Sooner or later, the Big Day comes around. For Mercedes Gleitze and Hans Wilsdorf, it came in 1927. Mercedes Gleitze was a stenographer, Hans Wilsdorf the boss of Rolex. The young woman dreamed of swimming the Channel, the watchmaker wanted to convince the public that his Oyster was fully watertight. Both did what they set out to do: an extraordinary personal achievement and the birth of one of the most famous watches ever.
In a world that has made space its playground, it’s easy to forget that the twentieth century put its stamp on history with all manner of records, exploits and discoveries that we now take for granted. The advent of aviation and the automobile, the first steps on the Moon, polar exploration… the twentieth century is the symbol of technical progress and the desire to excel.
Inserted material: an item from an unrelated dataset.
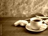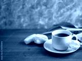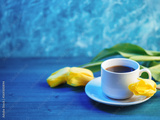 cup of espresso coffee on a wooden blue table and yellow tulips. springtime copy space

It also reminds us how brands have helped forge the history of time measurement, which dovetails with the history of science. This thirst for knowledge and progress has inspired some of the greatest discoveries, while the timepieces made to resist these extreme conditions delivered quality, reliability and absolute precision.
For example, on July 20th 1969 at 20:17 UTC, Neil Armstrong became the first human to set foot on the Moon, but left his watch in the spacecraft after an onboard computer crashed. He was followed by pilot Buzz Aldrin, who thus became the second person to walk on the lunar surface and the first to wear the Omega Speedmaster chronograph. A “claim to fame” that has put the Moonwatch, as it became known, onto thousands of watch fans’ radar.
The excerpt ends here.